In one embodiment, spring 107 may include two spring portions or “stress areas.” Each spring portion or stress area involving a set of surfaces and/or other elements of spring 107. For example, a first spring portion or first stress area may include bottom surface 133, intermediate surface 137, top surface 141, and bend 139 (these may be referred to as “first stress surfaces”). When a force or forces cause bottom surface 133 to move relative to intermediate surface 137 and/or top surface 141, the rigidity of spring 107 and bend 139 create counter-forces, tension (tension referring to potential energy generated by the counter-forces), and/or bias in the direction opposite to the relative movement.

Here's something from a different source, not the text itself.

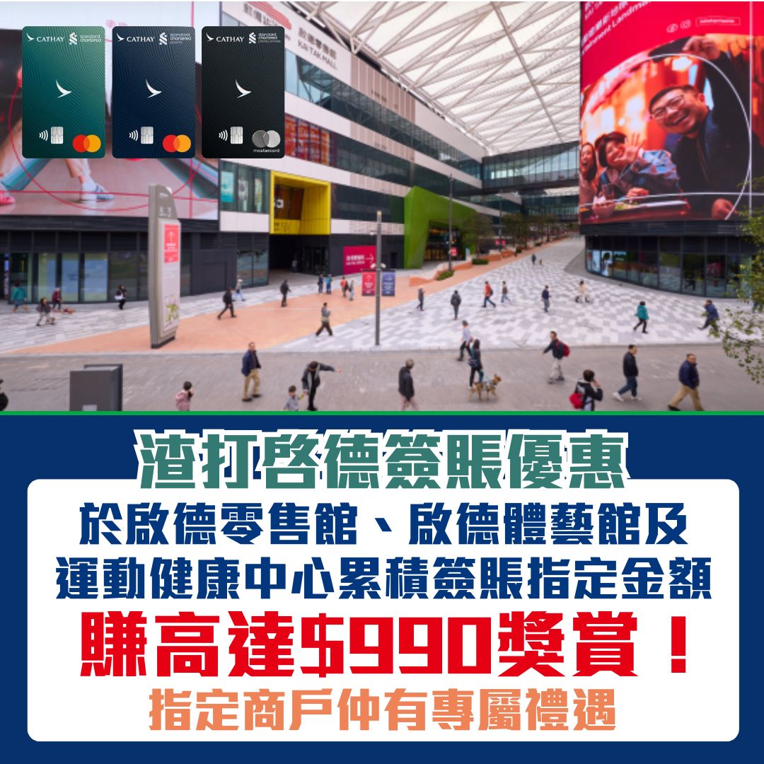 渣打啓德簽賬優惠!渣打信用卡喺啟德零售館、啟德體藝館及運動健康中心簽賬滿指定可享高達HK$990獎賞!喺指定商戶仲有專屬禮遇添,優惠期由即日起至2025年6月30日。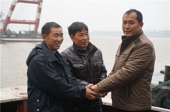 “饅頭大叔”史智勤和“湖北兄弟”握手。

Additionally, spring may include a second portion or second stress area including forward surfaces 147, outer intermediate surfaces 145, bottom surface 133, bend 139 and bend 149 (these may be referred to as “second stress surfaces”). When a force or forces cause forward surfaces 147 to move relative to (e.g., toward) outer intermediate surfaces 145 and/or bottom surface 133, the rigidity of spring 107, bend 149, and/or bend 139 create counter-forces, tension, and/or bias in the direction opposite to the relative movement.

Stress on certain areas of spring 107 may be produced by compression, separation, or other stress on areas of spring 107 (e.g., first spring portion or second spring portion).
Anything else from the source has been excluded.